Some specific cases where having an empirical standard could add value:
To satisfy stakeholders. For many projects, there are various actors who have an interest in software quality who may not be involved in the day-to-day development of the software (managers, technical leads, etc.) Saying "we're going to write all the tests we really need" is not convincing: They either need to trust entirely, or verify with ongoing close oversight (assuming they even have the technical understanding to do so.) Providing measurable standards and explaining how they reasonably approximate actual goals is better.
To normalize team behavior. Stakeholders aside, if you are working on a team where multiple people are writing code and tests, there is room for ambiguity for what qualifies as "well-tested." Do all of your colleagues have the same idea of what level of testing is good enough? Probably not. How do you reconcile this? Find a metric you can all agree on and accept it as a reasonable approximation. This is especially (but not exclusively) useful in large teams, where leads may not have direct oversight over junior developers, for instance. Networks of trust matter as well, but without objective measurements, it is easy for group behavior to become inconsistent, even if everyone is acting in good faith.
To keep yourself honest. Even if you're the only developer and only stakeholder for your project, you might have certain qualities in mind for the software. Instead of making ongoing subjective assessments about how well-tested the software is (which takes work), you can use code coverage as a reasonable approximation, and let machines measure it for you.
Which metrics to use
Code coverage is not a single metric; there are several different ways of measuring coverage.

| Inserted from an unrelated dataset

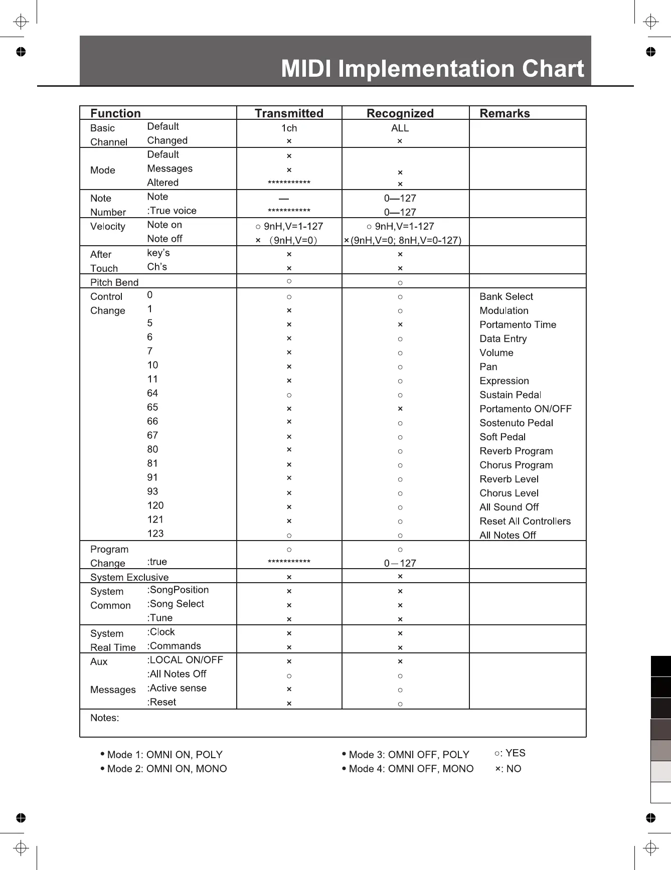 Medeli M311 - MIDI Implementation Chart; MIDI Transmitted and Recognized Data; MIDI Control and System Messages

Which one you might set a standard upon depends on what you're using that standard to satisfy.
I'll use two common metrics as examples of when you might use them to set standards:
Statement coverage: What percentage of statements have been executed during testing? Useful to get a sense of the physical coverage of your code: How much of the code that I have written have I actually tested?
This kind of coverage supports a weaker correctness argument, but is also easier to achieve. If you're just using code coverage to ensure that things get tested (and not as an indicator of test quality beyond that) then statement coverage is probably sufficient.
Branch coverage: When there is branching logic (e.g. an if), have both branches been evaluated? This gives a better sense of the logical coverage of your code: How many of the possible paths my code may take have I tested?
This kind of coverage is a much better indicator that a program has been tested across a comprehensive set of inputs. If you're using code coverage as your best empirical approximation for confidence in correctness, you should set standards based on branch coverage or similar.
There are many other metrics (line coverage is similar to statement coverage, but yields different numeric results for multi-line statements, for instance; conditional coverage and path coverage is similar to branch coverage, but reflect a more detailed view of the possible permutations of program execution you might encounter.)
What percentage to require
Finally, back to the original question: If you set code coverage standards, what should that number be?
Hopefully it's clear at this point that we're talking about an approximation to begin with, so any number we pick is going to be inherently approximate.
Some numbers that one might choose:
100%. You might choose this because you want to be sure everything is tested. This doesn't give you any insight into test quality, but does tell you that some test of some quality has touched every statement (or branch, etc.) Again, this comes back to degree of confidence: If your coverage is below 100%, you know some subset of your code is untested.
Some might argue that this is silly, and you should only test the parts of your code that are really important. I would argue that you should also only maintain the parts of your code that are really important. Code coverage can be improved by removing untested code, too.
99% (or 95%, other numbers in the high nineties.) Appropriate in cases where you want to convey a level of confidence similar to 100%, but leave yourself some margin to not worry about the occasional hard-to-test corner of code.
80%. I've seen this number in use a few times, and don't entirely know where it originates. I think it might be a weird misappropriation of the 80-20 rule; generally, the intent here is to show that most of your code is tested. (Yes, 51% would also be "most", but 80% is more reflective of what most people mean by most.) This is appropriate for middle-ground cases where "well-tested" is not a high priority (you don't want to waste effort on low-value tests), but is enough of a priority that you'd still like to have some standard in place.
I haven't seen numbers below 80% in practice, and have a hard time imagining a case where one would set them. The role of these standards is to increase confidence in correctness, and numbers below 80% aren't particularly confidence-inspiring. (Yes, this is subjective, but again, the idea is to make the subjective choice once when you set the standard, and then use an objective measurement going forward.)
Other notes
The above assumes that correctness is the goal. Code coverage is just information; it may be relevant to other goals. For instance, if you're concerned about maintainability, you probably care about loose coupling, which can be demonstrated by testability, which in turn can be measured (in certain fashions) by code coverage. So your code coverage standard provides an empirical basis for approximating the quality of "maintainability" as well.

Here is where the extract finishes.